As artificial intelligence and machine learning are becoming present in almost every aspect of life, it’s essential to understand how they work and their common applications. Although machine learning has been around for a while, many still portray it as an enemy. Machine learning can be your friend, but only if you learn to “tame” it.


Regression stands out as one of the most popular machine-learning techniques. It serves as a bridge that connects the past to the present and future. It does so by picking up on different “events” from the past and breaking them apart to analyze them. Based on this analysis, regression can make conclusions about the future and help many plan the next move.


The weather forecast is a basic example. With the regression technique, it’s possible to travel back in time to view average temperatures, humidity, and other variables relevant to the results. Then, you “return” to present and tailor predictions about the weather in the future.


There are different types of regression, and each has unique applications, advantages, and drawbacks. This article will analyze these types.


Linear Regression


Linear regression in machine learning is one of the most common techniques. This simple algorithm got its name because of what it does. It digs deep into the relationship between independent and dependent variables. Based on the findings, linear regression makes predictions about the future.


There are two distinguishable types of linear regression:


  • Simple linear regression – There’s only one input variable.
  • Multiple linear regression – There are several input variables.

Linear regression has proven useful in various spheres. Its most popular applications are:


  • Predicting salaries
  • Analyzing trends
  • Forecasting traffic ETAs
  • Predicting real estate prices

Polynomial Regression


At its core, polynomial regression functions just like linear regression, with one crucial difference – the former works with non-linear datasets.

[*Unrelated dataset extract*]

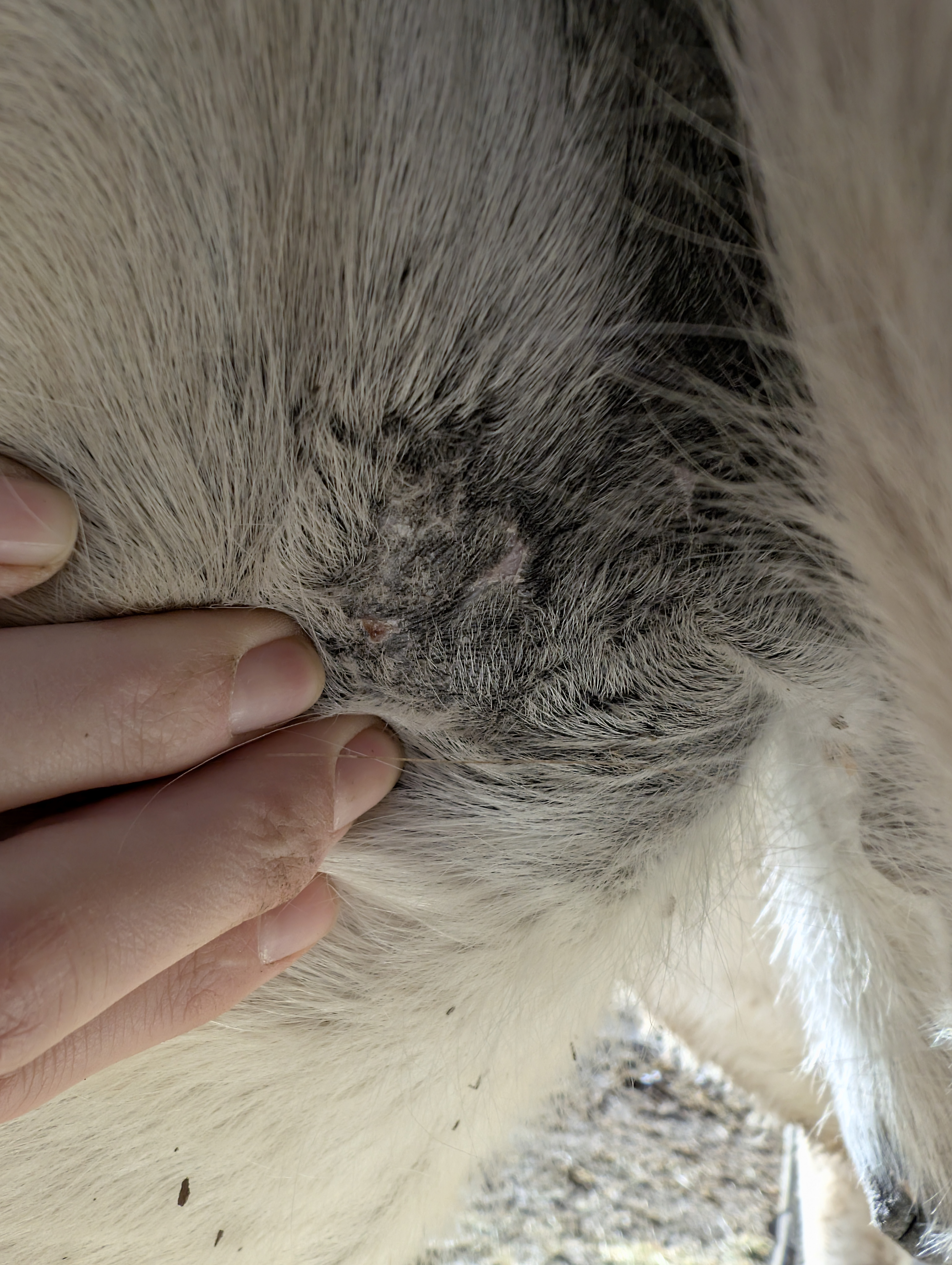 Schon länger im Auge habe ich eine neue Stelle an der Schlauchtasche. Sie ist tatsächlich etwas größer geworden. Also schmiere ich auch hier jetzt nahezu täglich, bisher keine Reaktion. Was meint ihr Sarkoid? Oder doch etwas anderes?

When there’s a non-linear relationship between variables, you can’t do much with linear regression. In such cases, you send polynomial regression to the rescue. You do this by adding polynomial features to linear regression. Then, you analyze these features using a linear model to get relevant results.


Here’s a real-life example in action. Polynomial regression can analyze the spread rate of infectious diseases, including COVID-19.


Ridge Regression


Ridge regression is a type of linear regression. What’s the difference between the two? You use ridge regression when there’s high colinearity between independent variables. In such cases, you have to add bias to ensure precise long-term results.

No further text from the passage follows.